Modern JavaScript engines natively support private properties in classes, prefixed with #. They are described in the article Properti dan metode _private_ dan _protected_. No proxies required.

Such properties have their own issues though. In particular, they are not inherited.

“In range” with “has” trap

Let’s see more examples.

We have a range object:

let range = {
  start: 1,
  end: 10
};

We’d like to use the in operator to check that a number is in range.

The has trap intercepts in calls.

has(target, property)

  • target – is the target object, passed as the first argument to new Proxy,
  • property – property name

Here’s the demo:

let range = {
  start: 1,
  end: 10
};

range = new Proxy(range, {
  has(target, prop) {
    return prop >= target.start && prop <= target.end;
  }
});

alert(5 in range); // true
alert(50 in range); // false

Nice syntactic sugar, isn’t it? And very simple to implement.

Wrapping functions: "apply"

We can wrap a proxy around a function as well.

The apply(target, thisArg, args) trap handles calling a proxy as function:

  • target is the target object (function is an object in JavaScript),
  • thisArg is the value of this.
  • args is a list of arguments.

For example, let’s recall delay(f, ms) decorator, that we did in the article Decorators dan forwarding, call/apply.

In that article we did it without proxies. A call to delay(f, ms) returned a function that forwards all calls to f after ms milliseconds.

Here’s the previous, function-based implementation:

function delay(f, ms) {
  // return a wrapper that passes the call to f after the timeout
  return function() { // (*)
    setTimeout(() => f.apply(this, arguments), ms);
  };
}

function sayHi(user) {
  alert(`Hello, ${user}!`);
}

// after this wrapping, calls to sayHi will be delayed for 3 seconds
sayHi = delay(sayHi, 3000);

sayHi("John"); // Hello, John! (after 3 seconds)

As we’ve seen already, that mostly works. The wrapper function (*) performs the call after the timeout.

But a wrapper function does not forward property read/write operations or anything else. After the wrapping, the access is lost to properties of the original functions, such as name, length and others:

function delay(f, ms) {
  return function() {
    setTimeout(() => f.apply(this, arguments), ms);
  };
}

function sayHi(user) {
  alert(`Hello, ${user}!`);
}

alert(sayHi.length); // 1 (function length is the arguments count in its declaration)

sayHi = delay(sayHi, 3000);

alert(sayHi.length); // 0 (in the wrapper declaration, there are zero arguments)

Proxy is much more powerful, as it forwards everything to the target object.

Let’s use Proxy instead of a wrapping function:

function delay(f, ms) {
  return new Proxy(f, {
    apply(target, thisArg, args) {
      setTimeout(() => target.apply(thisArg, args), ms);
    }
  });
}

function sayHi(user) {
  alert(`Hello, ${user}!`);
}

sayHi = delay(sayHi, 3000);

alert(sayHi.length); // 1 (*) proxy forwards "get length" operation to the target

sayHi("John"); // Hello, John! (after 3 seconds)

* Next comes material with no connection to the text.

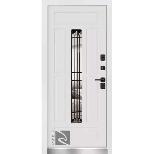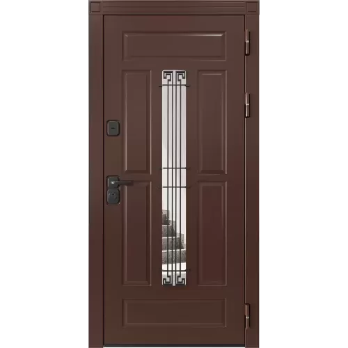 Отделка: Ковка + 4х камерный энергосберегающий стеклопакет, 16 мм панель МДФ, Эмаль RAL 8017 / 16 мм панель МДФ, Белая эмаль RAL 9016

The result is the same, but now not only calls, but all operations on the proxy are forwarded to the original function. So sayHi.length is returned correctly after the wrapping in the line (*).

We’ve got a “richer” wrapper.

Other traps exist: the full list is in the beginning of this article. Their usage pattern is similar to the above.

Reflect

Reflect is a built-in object that simplifies creation of Proxy.

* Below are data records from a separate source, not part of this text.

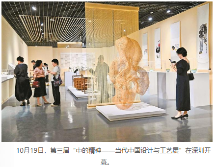 深圳特区报讯(记者 尹春芳/文 胡蕾/图)第三届“中的精神——当代中国设计与工艺展”于10月19日在深圳海上世界文化艺术中心L3花园展馆开幕。本次展览由荣宝斋主办,以“雅的进化”为主题,汇聚27位当代中国设计师、艺术家与非遗代表性传承人的74件(组)作品,以当代设计与工艺语言,探讨“雅”的当代表达与生活化转化。
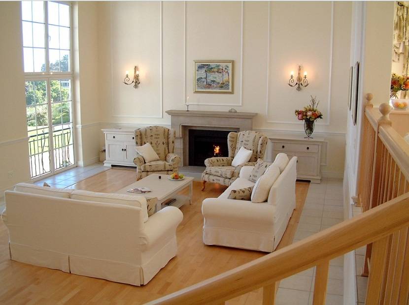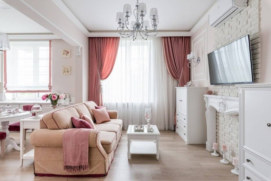 Рекомендуем обратить внимание на светлые теплые тона. Они сделают гостиную еще более уютной
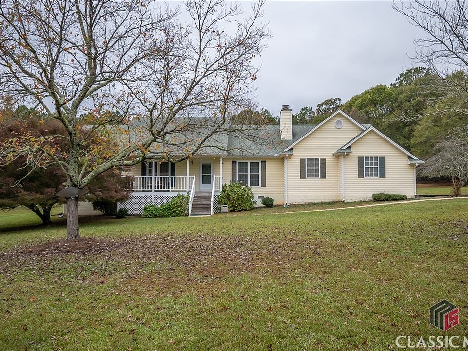 Country setting with this well maintained 3 bedroom 2 bath ranch on 4.75 acres. Interior Features include fireplace, laundry off the eat-in kitchen, separate dining room, great room with brick fireplace, double paned windows, master garden tub, shower and huge walk-in closet, window treatments and ceiling fans throughout, 2 car garage and a sunroom with double paned windows with beautiful view. Kitchen and laundry room has engineered hard wood flooring. Exterior features includes detached 24x24 workshop with electricity and electric garage door. 2nd metal insulated building for storage. Drilled well with water filter system.
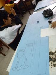 Pintura sobre vidrio, falso vitral, delineado y trabajado a mano con diseños personalizados e interpretados de bodegón.

It was said previously that internal methods, such as [[Get]], [[Set]] and others are specification-only, they can’t be called directly.

The Reflect object makes that somewhat possible. Its methods are minimal wrappers around the internal methods.

Here are examples of operations and Reflect calls that do the same:

Operation Reflect call Internal method
obj[prop] Reflect.get(obj, prop) [[Get]]
obj[prop] = value Reflect.set(obj, prop, value) [[Set]]
delete obj[prop] Reflect.deleteProperty(obj, prop) [[Delete]]
new F(value) Reflect.construct(F, value) [[Construct]]

For example:

let user = {};

Reflect.set(user, 'name', 'John');

alert(user.name); // John

In particular, Reflect allows us to call operators (new, delete…) as functions (Reflect.construct, Reflect.deleteProperty, …). That’s an interesting capability, but here another thing is important.

For every internal method, trappable by Proxy, there’s a corresponding method in Reflect, with the same name and arguments as the Proxy trap.

So we can use Reflect to forward an operation to the original object.

In this example, both traps get and set transparently (as if they didn’t exist) forward reading/writing operations to the object, showing a message:

let user = {
  name: "John",
};

user = new Proxy(user, {
  get(target, prop, receiver) {
    alert(`GET ${prop}`);
    return Reflect.get(target, prop, receiver); // (1)
  },
  set(target, prop, val, receiver) {
    alert(`SET ${prop}=${val}`);
    return Reflect.set(target, prop, val, receiver); // (2)
  }
});

let name = user.name; // shows "GET name"
user.name = "Pete"; // shows "SET name=Pete"

Here:

  • Reflect.get reads an object property.
  • Reflect.set writes an object property and returns true if successful, false otherwise.

That is, everything’s simple: if a trap wants to forward the call to the object, it’s enough to call Reflect.<method> with the same arguments.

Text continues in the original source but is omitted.